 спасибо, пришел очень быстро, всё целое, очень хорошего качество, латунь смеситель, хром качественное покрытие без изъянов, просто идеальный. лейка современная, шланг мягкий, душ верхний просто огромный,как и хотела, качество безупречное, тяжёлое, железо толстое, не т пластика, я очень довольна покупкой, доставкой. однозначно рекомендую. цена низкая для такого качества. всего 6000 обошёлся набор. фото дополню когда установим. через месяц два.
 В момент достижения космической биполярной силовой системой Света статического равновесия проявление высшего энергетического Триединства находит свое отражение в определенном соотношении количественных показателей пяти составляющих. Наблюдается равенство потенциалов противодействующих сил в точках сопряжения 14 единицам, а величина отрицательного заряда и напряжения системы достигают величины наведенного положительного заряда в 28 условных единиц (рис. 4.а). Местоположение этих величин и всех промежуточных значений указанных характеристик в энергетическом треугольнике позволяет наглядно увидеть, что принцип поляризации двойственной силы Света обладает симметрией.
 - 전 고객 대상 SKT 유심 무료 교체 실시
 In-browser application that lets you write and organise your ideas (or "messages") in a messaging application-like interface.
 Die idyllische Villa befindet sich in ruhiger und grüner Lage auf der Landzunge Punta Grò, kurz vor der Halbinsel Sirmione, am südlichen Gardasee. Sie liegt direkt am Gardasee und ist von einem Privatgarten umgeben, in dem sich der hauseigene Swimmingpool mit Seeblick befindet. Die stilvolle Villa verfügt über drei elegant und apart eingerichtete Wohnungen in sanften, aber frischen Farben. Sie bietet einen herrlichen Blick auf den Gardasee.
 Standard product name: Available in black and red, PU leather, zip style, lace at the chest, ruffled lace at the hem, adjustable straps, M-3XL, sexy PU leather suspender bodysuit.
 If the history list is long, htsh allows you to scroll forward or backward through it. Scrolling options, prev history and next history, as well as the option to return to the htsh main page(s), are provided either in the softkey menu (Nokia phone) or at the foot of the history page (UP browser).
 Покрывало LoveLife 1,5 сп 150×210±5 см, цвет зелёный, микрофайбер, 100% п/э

○ ○ ○

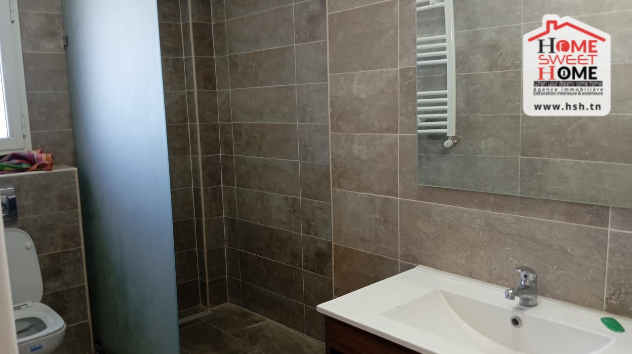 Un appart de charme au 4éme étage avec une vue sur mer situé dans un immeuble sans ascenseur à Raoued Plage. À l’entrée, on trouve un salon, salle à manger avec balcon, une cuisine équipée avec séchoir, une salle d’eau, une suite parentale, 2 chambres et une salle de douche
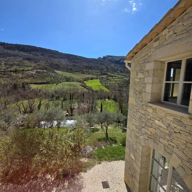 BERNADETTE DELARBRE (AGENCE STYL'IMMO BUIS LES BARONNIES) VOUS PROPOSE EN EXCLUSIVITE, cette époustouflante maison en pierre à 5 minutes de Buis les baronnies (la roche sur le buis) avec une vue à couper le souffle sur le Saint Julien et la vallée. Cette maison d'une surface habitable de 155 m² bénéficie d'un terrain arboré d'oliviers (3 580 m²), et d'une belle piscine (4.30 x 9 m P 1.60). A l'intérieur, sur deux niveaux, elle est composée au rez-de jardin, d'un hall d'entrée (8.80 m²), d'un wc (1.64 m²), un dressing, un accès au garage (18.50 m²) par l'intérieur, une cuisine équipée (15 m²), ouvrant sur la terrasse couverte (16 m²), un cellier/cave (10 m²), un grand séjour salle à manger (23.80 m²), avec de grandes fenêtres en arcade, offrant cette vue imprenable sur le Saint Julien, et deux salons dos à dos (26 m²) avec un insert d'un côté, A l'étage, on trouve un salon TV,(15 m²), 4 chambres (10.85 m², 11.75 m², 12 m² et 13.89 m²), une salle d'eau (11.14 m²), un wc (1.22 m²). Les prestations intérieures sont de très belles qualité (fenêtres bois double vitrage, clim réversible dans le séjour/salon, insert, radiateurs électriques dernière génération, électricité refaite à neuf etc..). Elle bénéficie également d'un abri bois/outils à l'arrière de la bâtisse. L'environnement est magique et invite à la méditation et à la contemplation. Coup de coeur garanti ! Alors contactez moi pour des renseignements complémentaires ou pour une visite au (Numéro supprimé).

○ ○ ○

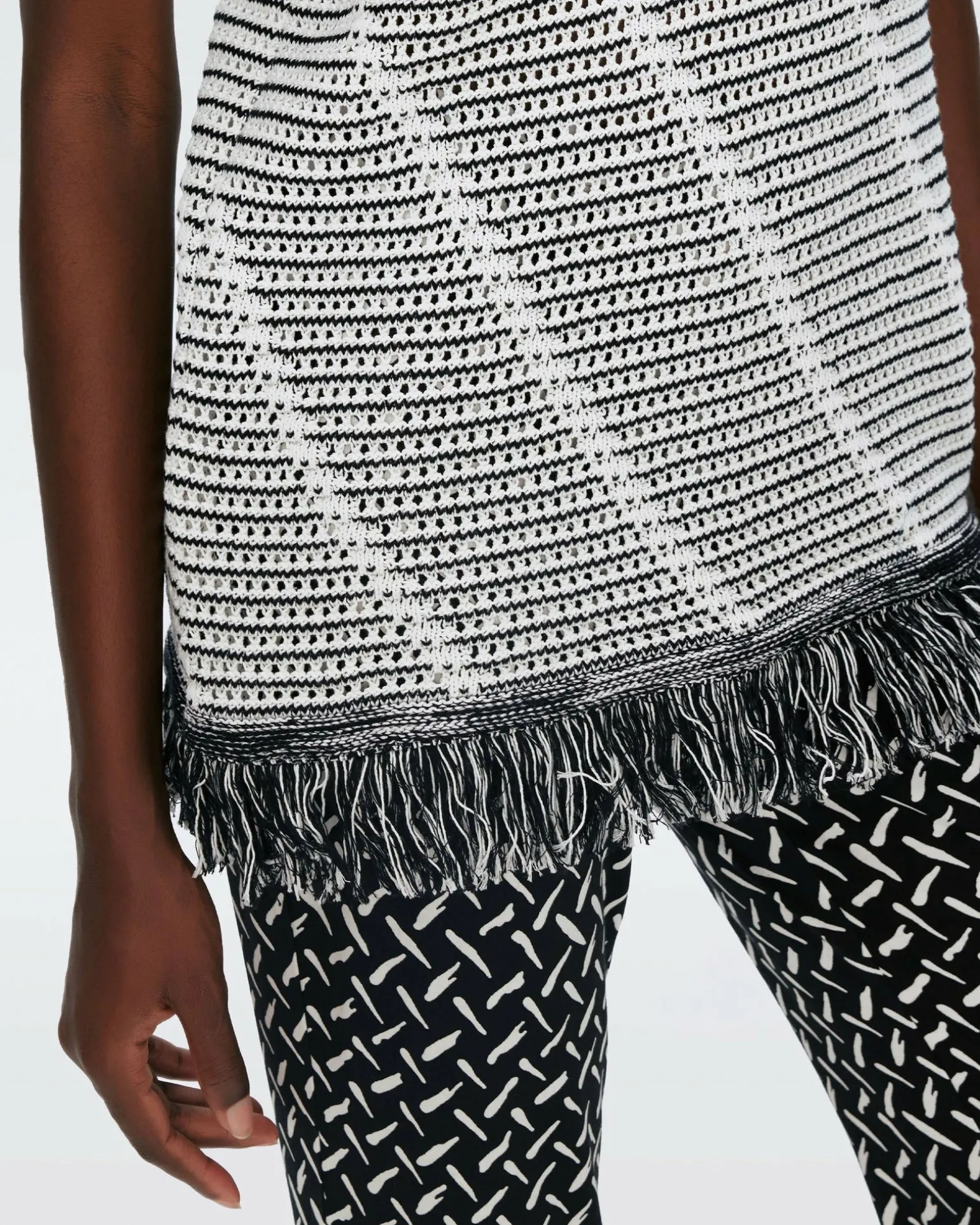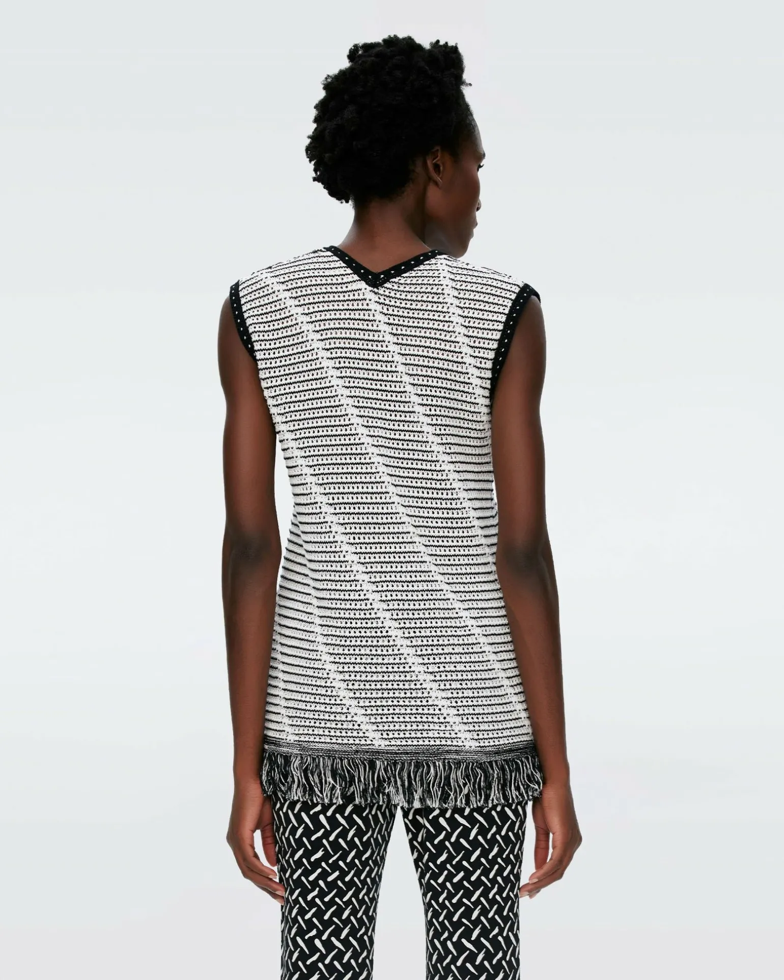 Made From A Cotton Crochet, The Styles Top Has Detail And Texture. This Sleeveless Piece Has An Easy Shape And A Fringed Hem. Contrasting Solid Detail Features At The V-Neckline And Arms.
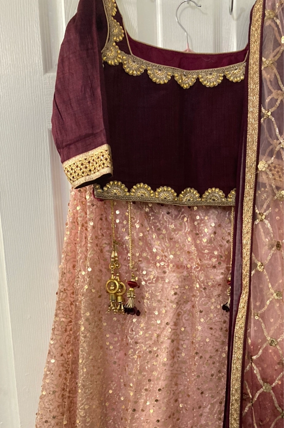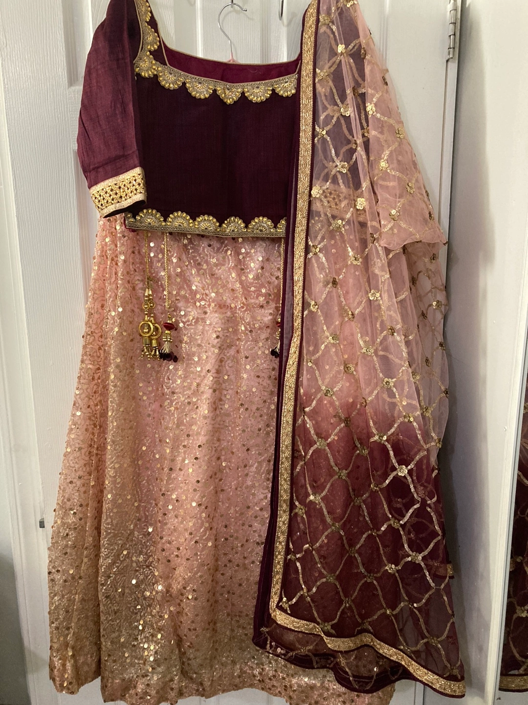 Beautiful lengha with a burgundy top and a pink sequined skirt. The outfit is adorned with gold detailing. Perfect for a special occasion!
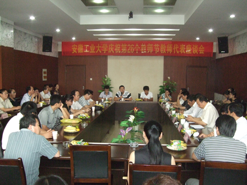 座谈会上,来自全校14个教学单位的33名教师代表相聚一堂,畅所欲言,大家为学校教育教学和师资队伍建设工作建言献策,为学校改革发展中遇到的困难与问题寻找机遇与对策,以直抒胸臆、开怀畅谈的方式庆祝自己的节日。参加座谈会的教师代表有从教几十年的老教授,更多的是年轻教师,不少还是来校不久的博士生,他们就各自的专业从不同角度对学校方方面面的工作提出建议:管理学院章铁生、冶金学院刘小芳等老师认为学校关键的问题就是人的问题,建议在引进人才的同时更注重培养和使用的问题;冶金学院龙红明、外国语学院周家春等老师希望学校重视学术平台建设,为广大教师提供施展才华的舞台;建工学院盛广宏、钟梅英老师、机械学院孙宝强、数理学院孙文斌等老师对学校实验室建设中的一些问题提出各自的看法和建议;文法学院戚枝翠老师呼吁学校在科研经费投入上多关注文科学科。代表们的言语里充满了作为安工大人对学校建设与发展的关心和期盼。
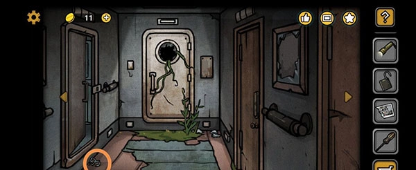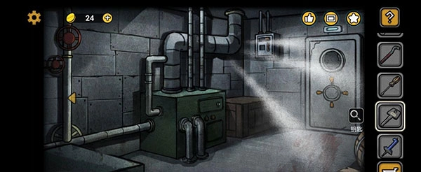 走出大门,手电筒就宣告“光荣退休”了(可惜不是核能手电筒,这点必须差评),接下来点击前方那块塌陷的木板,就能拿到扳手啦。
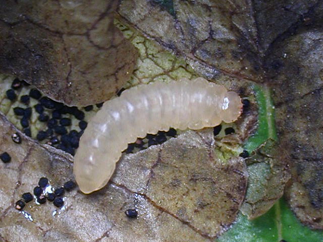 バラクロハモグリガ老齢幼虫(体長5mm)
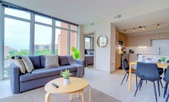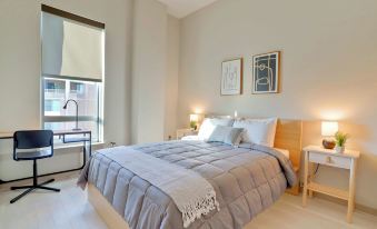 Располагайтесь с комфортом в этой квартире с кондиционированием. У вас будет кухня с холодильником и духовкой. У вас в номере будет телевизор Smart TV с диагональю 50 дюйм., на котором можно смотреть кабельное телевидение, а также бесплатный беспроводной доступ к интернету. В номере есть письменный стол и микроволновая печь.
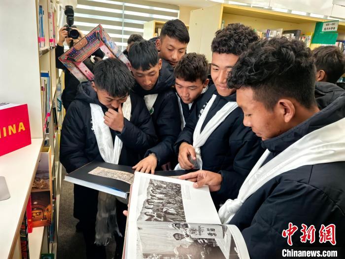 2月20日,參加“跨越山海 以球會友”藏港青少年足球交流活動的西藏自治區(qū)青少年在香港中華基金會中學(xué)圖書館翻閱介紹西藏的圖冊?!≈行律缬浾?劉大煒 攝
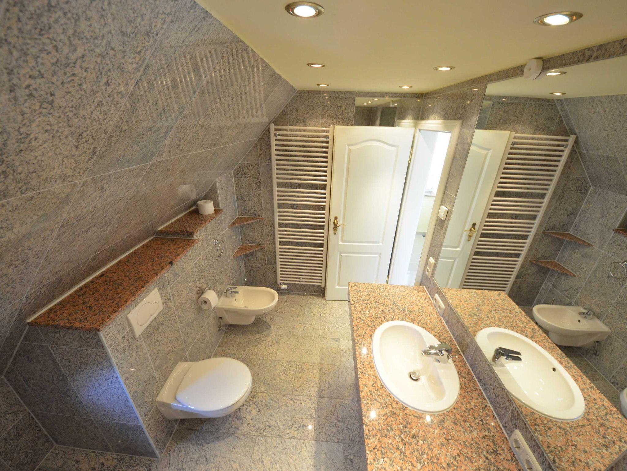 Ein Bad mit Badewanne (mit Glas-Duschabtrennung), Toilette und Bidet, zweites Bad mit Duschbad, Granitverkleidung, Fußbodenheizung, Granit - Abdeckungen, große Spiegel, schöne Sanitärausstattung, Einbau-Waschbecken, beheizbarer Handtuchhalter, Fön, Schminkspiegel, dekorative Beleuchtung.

○ ○ ○

Look above for the line that contains "спасибо, пришел очень". Starting there, transcribe every line exactly until you have copied the line that contains "In-browser application that".

 спасибо, пришел очень быстро, всё целое, очень хорошего качество, латунь смеситель, хром качественное покрытие без изъянов, просто идеальный. лейка современная, шланг мягкий, душ верхний просто огромный,как и хотела, качество безупречное, тяжёлое, железо толстое, не т пластика, я очень довольна покупкой, доставкой. однозначно рекомендую. цена низкая для такого качества. всего 6000 обошёлся набор. фото дополню когда установим. через месяц два.
 В момент достижения космической биполярной силовой системой Света статического равновесия проявление высшего энергетического Триединства находит свое отражение в определенном соотношении количественных показателей пяти составляющих. Наблюдается равенство потенциалов противодействующих сил в точках сопряжения 14 единицам, а величина отрицательного заряда и напряжения системы достигают величины наведенного положительного заряда в 28 условных единиц (рис. 4.а). Местоположение этих величин и всех промежуточных значений указанных характеристик в энергетическом треугольнике позволяет наглядно увидеть, что принцип поляризации двойственной силы Света обладает симметрией.
 - 전 고객 대상 SKT 유심 무료 교체 실시
 In-browser application that lets you write and organise your ideas (or "messages") in a messaging application-like interface.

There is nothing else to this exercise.